Three oil related items crossed the desk this morning, two of which have near term impact on the price of oil. The wildfires in northern Canada have shut-in about one-half of the two million bpd production around Ft. McMurray, according to Reuters. Canadian officials are warning they could be fighting the fires for months. If that is the case, how people could work, let alone be housed in the oil producing area, is an open question.

In Saudi Arabia, long-time oil minister Al-Naimi no longer reigns at the top of OPEC, signaling further changes in the hierarchy of Saudi government. But will oil policy change? That seems unlikely to me. As Iranian production comes online and the contest between the two countries for influence in the Mideast grows more heated, I think it is defense policy, rather than oil policy which will rise to the top of the new Crown Prince’s agenda- along with the economy. Yes, the price of oil and oil revenues are a key component of both the broad economy and defense spending. But winning a price war with Iran, if sanctions relief comes through, is a low probability bet. More likely is a conflict, waged by proxies, designed to weaken the government in each country. To the extent the U.S. picks sides, that seems already to have occurred.

Finally, according to IHS, discovery of new oil reserves are at their lowest level in 60 years. Just 2.8 billion barrels of new oil/liquids were found last year, the lowest number since 1954. Many of those new reserves were found in deepwater, which take years to bring into production. There is a school of thought developing that oil prices could trade much higher later this year, as global cap-ex remains subdued and demand picks-up by another 1 million bpd. Long term, the lack of new supply is clearly bullish.

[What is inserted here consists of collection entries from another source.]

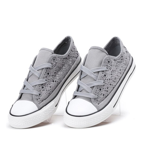 - Trampki sznurowane wykonane z tkaniny w kolorze szarym. Obuwie damskie jest doskonałym dodatkiem do wielu letnich stylizacji dzięki klasycznemu fasonowi oraz plecionej cholewce, która dostarczy komfortu podczas upalnych dni!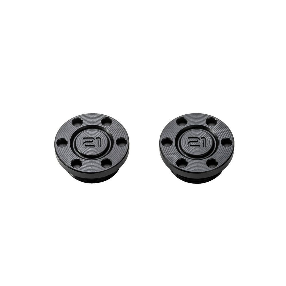 ②片方のウエイトを垂直にしてネジ穴とかみ合うようにセットし、手で軽く回してください。もう一方のウエイトも同様にセットし、両方のウエイトを手で均等に交互に回しながらバックパーツを軽く固定してください。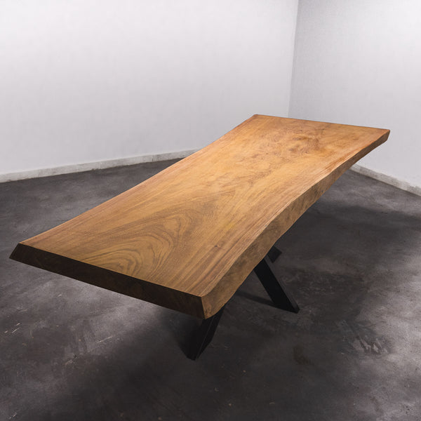 Deze prachtige boomstamtafel is gemaakt van hardhout, genaamd tali. Het hout heeft een bijzondere bruinrode kleur en de buitenkant een donkere goudgrijze kleur. Het tafelblad is gemaakt uit één stuk massief tali hout dat de vorm van de boom volgt. Tali hout staat bekend om zijn stevigheid en omdat wij het tafelblad uit het beste deel van de stam nemen, zorgen wij ervoor dat er een schitterende tafel ontstaat.

With Saudi Arabia able to ramp-up production by another 1- 2 million bpd and perhaps willing to do so to continue to put pressure on Iran, I think something needs to break on the supply side before prices can move above $45 and stay there

Fed Speak- The new head of the Minneapolis Fed (my hometown), is Neel Kashkari, who also ran the TARP program during the 2008-20098 crash. He spoke at a luncheon yesterday, which I had the privilege to attend. He appears to be a smart guy, even if he did move to Minneapolis in the middle of winter. Speaking on the challenges of central banking, I was struck by two things. One comment he made concerned how the Treasury, where he worked at the time, did not see the 2008 crash coming. Later, answering a question from the floor, he noted that the data the Fed was receiving could be better, but generally has improved a lot, and if I heard correctly, seems to be pretty good. Then in response to another question he went on another explanation of how risks cannot always be foreseen, giving the move in oil from $147 to $30 which was a major economic shock, but no one saw coming. I think the $147 to $30 move he described, having occurred over nine years, was a bit too long for even the Fed’s seers to divine, but the move from $100 to $30 should have been forecast. We did, calling for a move from just over $100 to the $40s in Q3, 2014.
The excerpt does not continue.